A comb. A book. A can of soda. These are simple products. What you pay for is what you get nothing more, nothing less.

But some products go a bit further, offering consumers choices about which set of options, if any, they want to include with the base product. Dell, for instance, offers bundled software, zip drives, game devices, and speakers with a basic computer; Palm Pilots can be bought alone or with accessories and additional software; even the simple bike comes with a lock, a water bottle and a headlight if you want them.

Some experts say that offering such options gives customers the chance to design a product around their personal preferences what marketers call "mass customization." Ideally, this marketing strategy increases customer satisfaction and loyalty to the brand.

All well and good. But one question remains: How should these options be presented along with the base model?

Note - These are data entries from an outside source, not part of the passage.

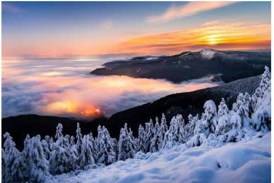
V roce 1938 pozorovali Čeladňané nad obcí polární záři. Tento snímek sice není z roku 1938 a nezachycuje polární záři, ale jiný pozoruhodný přírodní úkaz. V Čeladné se pořád něco děje.

29. května konaly se obecní volby . 11. května byla svolána schůze všech politických
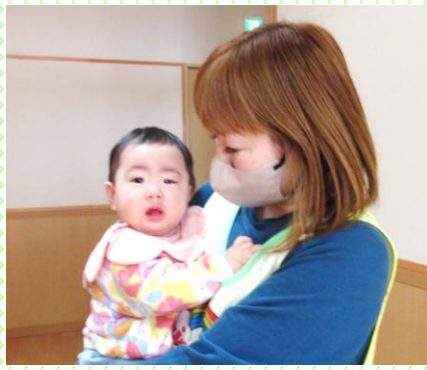
「はじめまして」みるく組（0歳児）
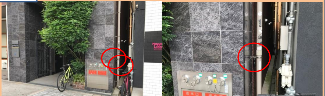
アクアブレイス南堀江 キーボックス 0318 建物右の配管パイプ
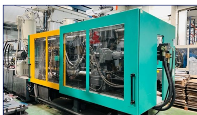
Inyectora termoplástico 460 ton

Ningbo Hengrun Plastic Machinery Co., Ltd Ref: ID-002
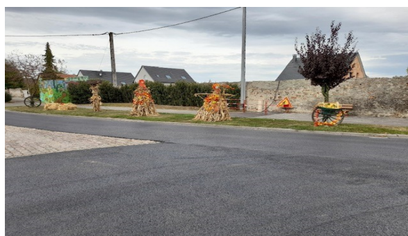
Deux jolies femmes le long de la route de Colmar.
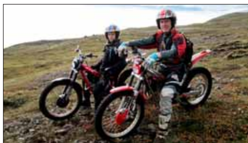
Tveir félagar í leit að kindum í haust

Í Dalbjörg eru nokkrir björgunarsveitarmenn sem eiga hjól, bæði torfæruhjól og fjórhjól, og hafa þeir mikla reynslu af þeim auk þess að hafa aflað sér talsverðrar staðkunnáttu á svæðinu á ferðum sínum. Þeir hafa undanfarin ár farið í nokkur útköll, bæði í leit og sem fyrsta viðbragð í slysum. Hjálparsevitin hefur nú ákveðið að stofna hjólaflokk innan sveitarinnar og kynna þennan möguleika fyrir öðrum björgunaraðilum.
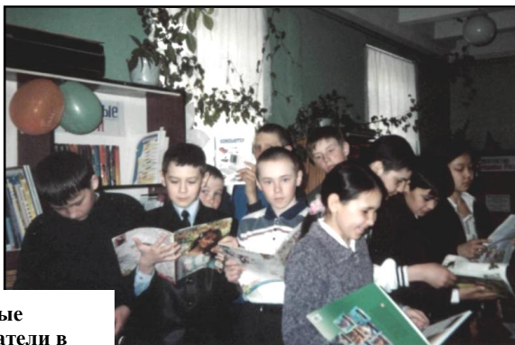
Юные читатели в библиотеке
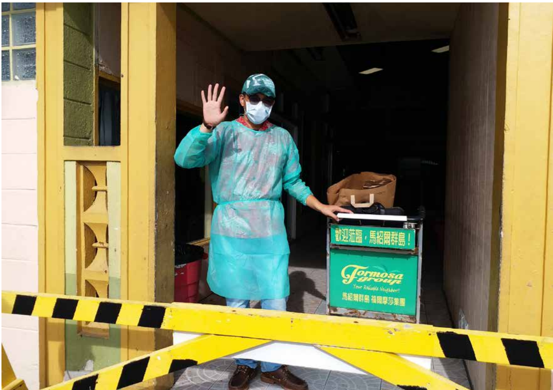
■ 馬紹爾群島役男於機場check in 後即不能離開限制活動範圍。

這段期間，一位派駐南太平洋的陳姓役男，持續發燒不退，出現肺炎徵狀，數次前往當地醫院看診不癒，然因為醫療設備有限，診斷不出病因又無法做COVID-19病毒核酸（PCR）檢測。在當地國際航班全部中斷之下，外館經過一番努力，安排役男搭乘日本學生返國包機先赴東京再轉返臺灣。因為當時我國疫情指揮中心仍有疑慮，遲未同意該名役男返國。就在赴日包機起飛前一天，本部同仁擔心疫情指揮中心再不予放行的話，該役男回臺機會恐十分渺茫，萬一病情惡化勢將造成遺憾，因此再度努力斡旋，疫情指揮中心最後才同意以快篩取代PCR檢測，
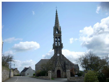
Langolen, église paroissiale Saint-Gunthiern : vue générale ouest IVR53_20082905538NUCA
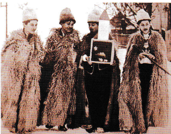
Betlehemesek (Szakmár, Bács- Kiskun megye)
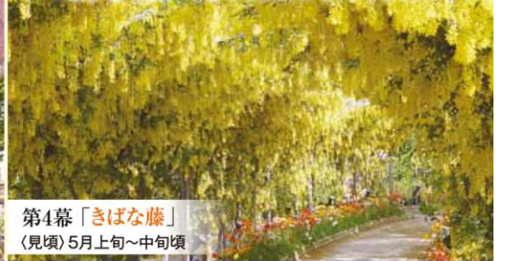
第4幕「きばな藤」 〈見頃〉5月上旬～中旬頃
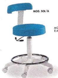
MOD. SOL/A CON COMANDO A LEVA E APPOGGIAPEDI
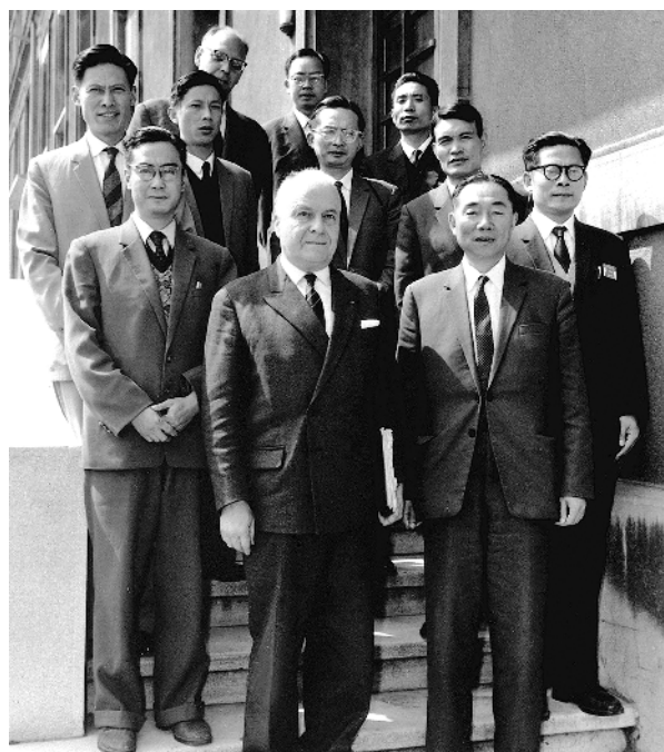
1964年6月，江泽民同志(二排右一)在法国艾克斯莱班出席国际电工委员会会议期间与会代表合影。
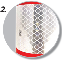
2. แถบขาวสะท้อนแสงสีขาว 3M™ Diamond Grade
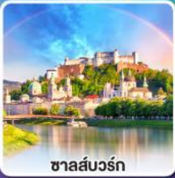
ซาลส์บวร์ก

ขึ้นรถไฟสายโรแมนติก เบอร์นีนา เอ็กซ์เพรส ชมวิวตระการตาของสวิส
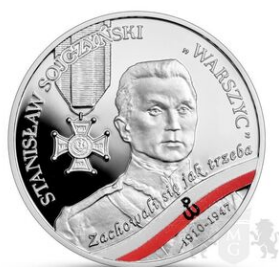
Prezentacja monety okolicznościowej

Wydarzenie zostało zorganizowane przez Oddział Instytutu Pamięi Narodowej w Katowicach oraz Oddział Okręgowego Narodowego Banku Polskiego w Katowicach.
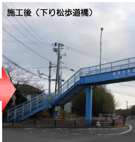
施工後（下り松歩道橋）
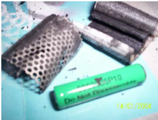
Foto 21 Pilas y placas metálicas

You, the marketer of a product or service, have at least two ways of presenting options. On the one hand, you can tell consumers that the product or service has a base price, and that for an extra charge they can choose from a list of product enhancements. The marketing field calls this an additive option strategy because consumers can add whatever options they want from the base model.

For instance, let's say you are selling a car with a base price of $18,000 and $4,000 in options. With an additive option strategy you tell consumers that they can add certain options to that base model. Consumers have complete freedom to add none of the options and buy the car at $18,000, buy all of the options at a cost of $22,000, or buy some subset of the options at a price somewhere between $18,000 and $22,000.

There is a second way of presenting options. You can offer the product already fully loaded, and allow the customer to lower the product's price by subtracting options. Marketers call this a subtractive option strategy because consumers can delete whatever options they don't want from the fully loaded model.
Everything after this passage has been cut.